According to a press release, Matthew Brent Goettsche, 37, of Lafayette, Colorado; Jobadiah Sinclair Weeks, 38, of Arvada, Colorado; and Joseph Frank Abel, 49, of Camarillo, California were indicted on charges of conspiracy to commit wire fraud (Goettsche and Weeks) and conspiracy to offer unregistered securities through their participation in BitClub Network, a mining pool.
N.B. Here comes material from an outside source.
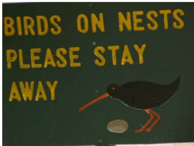
Sign in Abel Tasman National Park ( David Melville).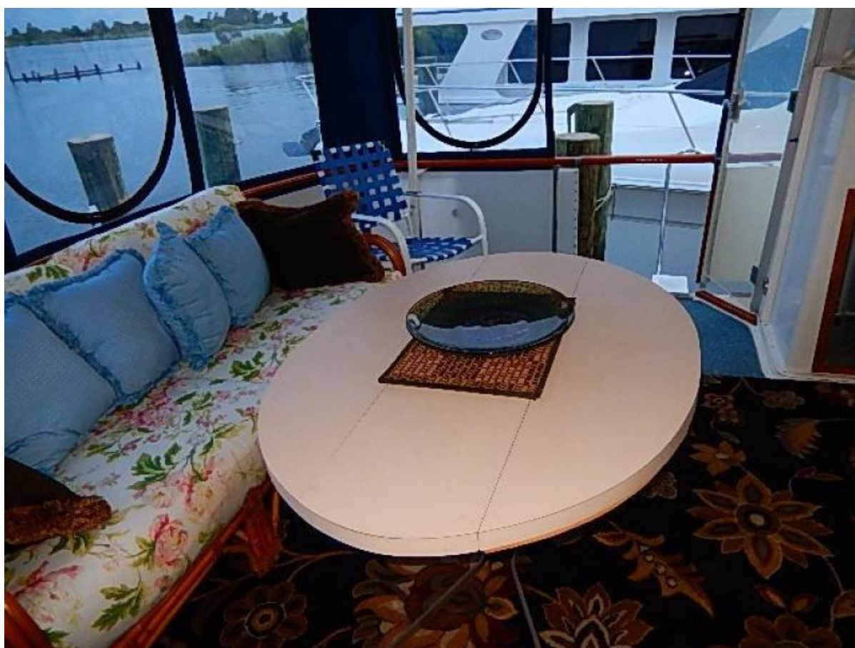
Wing doors port and starboard

The news was first reported by BNN Bloomberg.
Two other unidentified defendants remain at large.
The alleged scammers created false figures meant to demonstrate BitClub’s earnings from its bitcoin mining pool to its investors between April 2014 and December 2019.
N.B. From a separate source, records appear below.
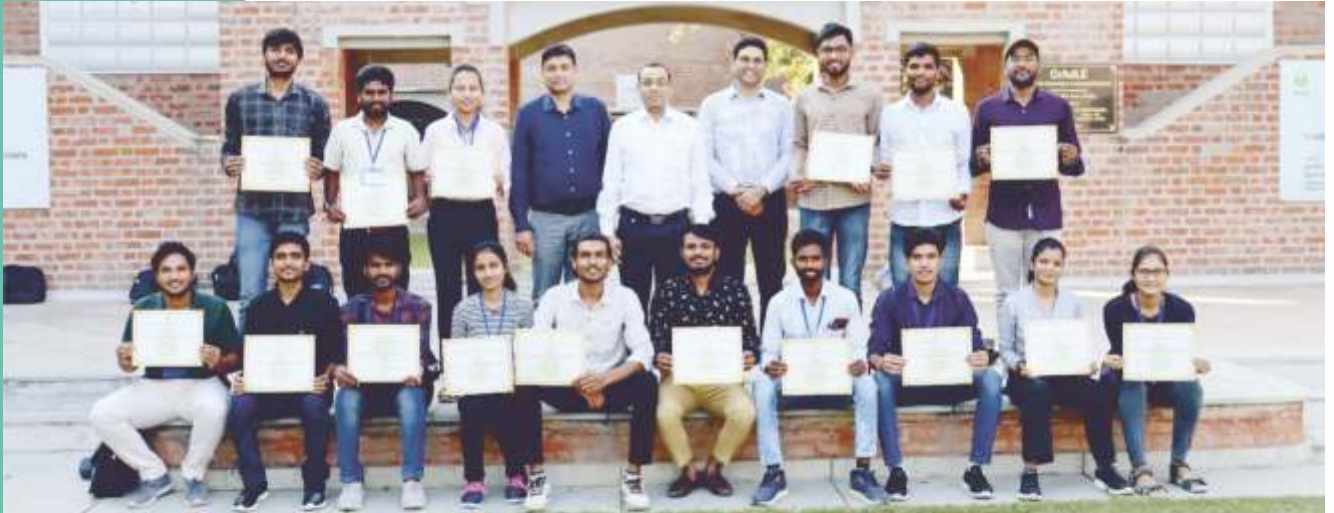
Participants of the 'Agro Based Entrepreneurship' Programme with the certificate of programme completion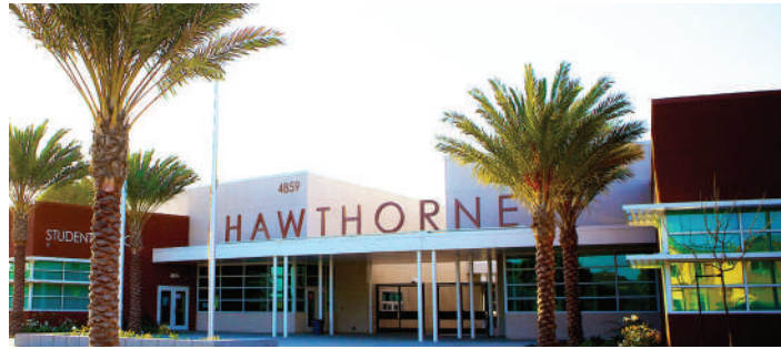
HAWTHORNE HIGH SCHOOL - STUDENT SERVICES, MEDIA CENTER & SCIENCE BUILDINGS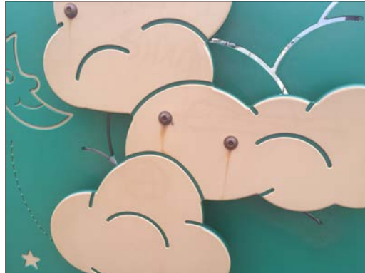
The ocean front location is tough on wear and tear of hardware.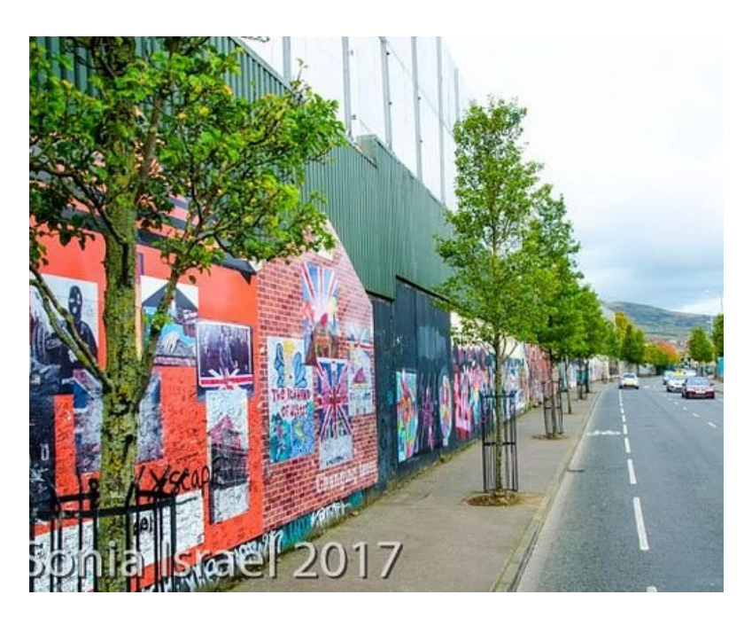
Peace Wall Murals

An attached indictment showed how Goettsche and an unidentified individual planned how to make their fake numbers look “real” by providing daily earnings inconsistent on a day-to-day basis.
“Goettsche discussed with his conspirators that their target audience would be ‘dumb’ investors, referred to them as ‘sheep,’ and said he was ‘building this whole model on the backs of idiots,’” the release said.
Investors were encouraged both to purchase shares of the mining pool, as well as “rewarded” for bringing on new investors.
Goettsche allegedly directed his co-conspirators to raise and lower the Ponzi’s supposed earnings at various times, while Weeks apparently sent an email in mid-2017 which noted BitClub’s shareholder funds were not used to purchase more mining equipment.
In a statement, John Tafur, Special Agent in Charge of the IRS-Criminal Investigation group’s Newark field office said, “today’s indictment alleges the defendants were involved in a sophisticated Ponzi scheme involving hundreds of millions of dollars that preyed upon investors all over the world.”
The scam was “a classic con game” with a crypto twist, he said.
BitClub has long been an active player in the crypto space too. The pool claimed to receive $136,000 as part of an errant bitcoin transaction fee, of which it donated half to the Bitcoin Foundation in 2016.
The pool also apparently supported the controversial SegWit2x upgrade (which was eventually pulled) in 2017.
The FBI, IRS-Criminal Investigation and IRS local field offices were all involved in the investigation.
The DOJ is directing potential victims to a page on its website to find out more information or fill out a questionnaire.